Still choked with emotion, Jackman turned to the judge.

"I know there's no excuse at all for anything that I did," Jackman said. "I hope that someday I will make amends somehow. I don't know how or if that's possible. I won't try to minimize this whatsoever. This is the worst thing you could ever do to anybody."

Jackman's public defender, Marilyn Paul, asked the judge for a 5- to 7-year sentence, saying her client has no significant adult criminal record.

"There is nothing to show ... any type of pattern of sexual victimization of others," she said.

Paul told the court Jackman is extremely remorseful and wants to get treatment for his methamphetamine habit.

Grant Loebs, Twin Falls County prosecuting attorney, asked the judge to impose the maximum penalty of life in prison.

"The state cannot see any reason why the court would ever feel safe allowing him to be released from prison," he said. "It's an unspeakable crime to a defenseless child. He needs to have somebody watching him -- probation and parole officers -- making sure that when he snaps, he can be caught quickly. Hopefully, he won't snap, but with Larry Gold's assessment, he likely will."

Lawrence Gold, who conducted a psycho-sexual evaluation of Jackman, told the court he believes Jackman has borderline personality disorder, among other issues.

"It's one of the most painful disorders to have in your life," Gold said. "The primary characteristic is a frantic effort to avoid real or imagined abandonment."

Gold said Jackman acted out in anger when the baby's mother went to the library with the baby's father.

Gold also said Jackman exhibited a level of callousness brought on by lifelong suffering from psychological disorders, as well as his own sexual abuse as a child.
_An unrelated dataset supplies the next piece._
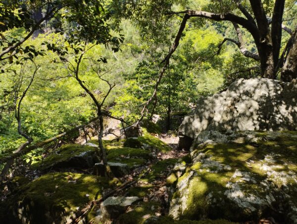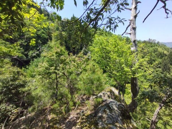 ロープに掴まりながら岩山を降りていったのですが、どうやら天狗の形の岩があるのではなく、天狗に鼻のように長い岩山があるのではないかと思いました。

"Adam's collapse of caring or his ability to relate to this child as a baby ... has its roots in both Adam's abuse, the way he was brought up and the methamphetamine that just destroys his conscience."
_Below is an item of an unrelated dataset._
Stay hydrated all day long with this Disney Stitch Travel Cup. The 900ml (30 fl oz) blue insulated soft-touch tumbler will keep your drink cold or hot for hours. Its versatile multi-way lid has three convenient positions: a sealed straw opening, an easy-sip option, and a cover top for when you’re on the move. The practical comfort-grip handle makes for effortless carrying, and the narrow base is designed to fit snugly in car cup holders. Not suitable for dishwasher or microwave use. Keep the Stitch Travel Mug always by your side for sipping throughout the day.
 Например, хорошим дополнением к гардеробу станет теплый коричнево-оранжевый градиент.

Jackman claimed to have been up for three days on methamphetamine when the sexual assault occurred.

Jackman has continuously denied that he was responsible for ligature -- or strangulation -- marks on the infant.
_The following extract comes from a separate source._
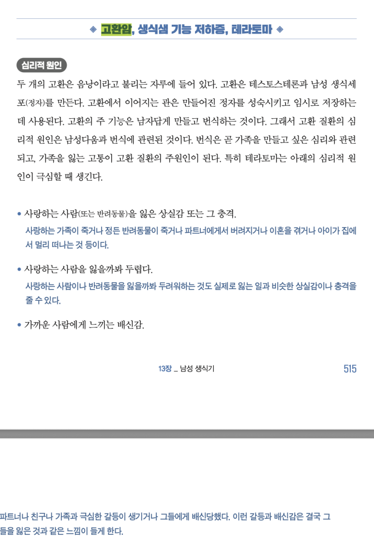 그런데 그는 왜 25살의 젊은 나이에 고환암에 걸렸을까? <치유의 혁명, 심신의학 EFT> 515쪽을 한 번 보자.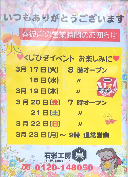 少しずつ春が近づいてきましたね! 今年の春彼岸のお知らせです♪ ↓ ↓ ↓ ↓ & …

But Loebs asked Jackman how he held the baby down while "assaulting" him.

Jackman made no reply.

Loebs asked Gold about the possibility for rehabilitation for a person who suffers from myriad disorders.

Gold responded that the potential was "very low."

Loebs said he wished Idaho had a hospital for the criminally insane so Jackman could get the appropriate treatment while being kept from society. Gold said he would be willing to give the defendant treatment if the court so ordered.

Before issuing his decision, Judge Bevan said that lewd conduct with a minor is one of the most serious crimes that can come before the court.

"This was a horrendously violent event," Bevan told Jackman. "There's clearly undue risk you'll commit another crime of a significant nature."

The judge said a fixed life sentence would be "overly harsh, with no hope for what future may come."

In 20 years, minus 427 days for time served, Jackman will come before the state parole board, which will decide if he's ready to be released.

Jackman will have to register as a sex offender in any county in which he lives, and he must pay a $5,000 fine in addition to counseling and medical bills for the victim.

Filer police took Jackman into custody on Dec. 4, 2003, but he escaped, handcuffed, from the back of a patrol car. He allegedly stole a car and drove to his father's house in Horseshoe Bend, where authorities arrested him the next day.

As part of a plea agreement, prosecutors dropped injury to child and grand theft charges in exchange for Jackman's guilty plea to the lewd conduct charge.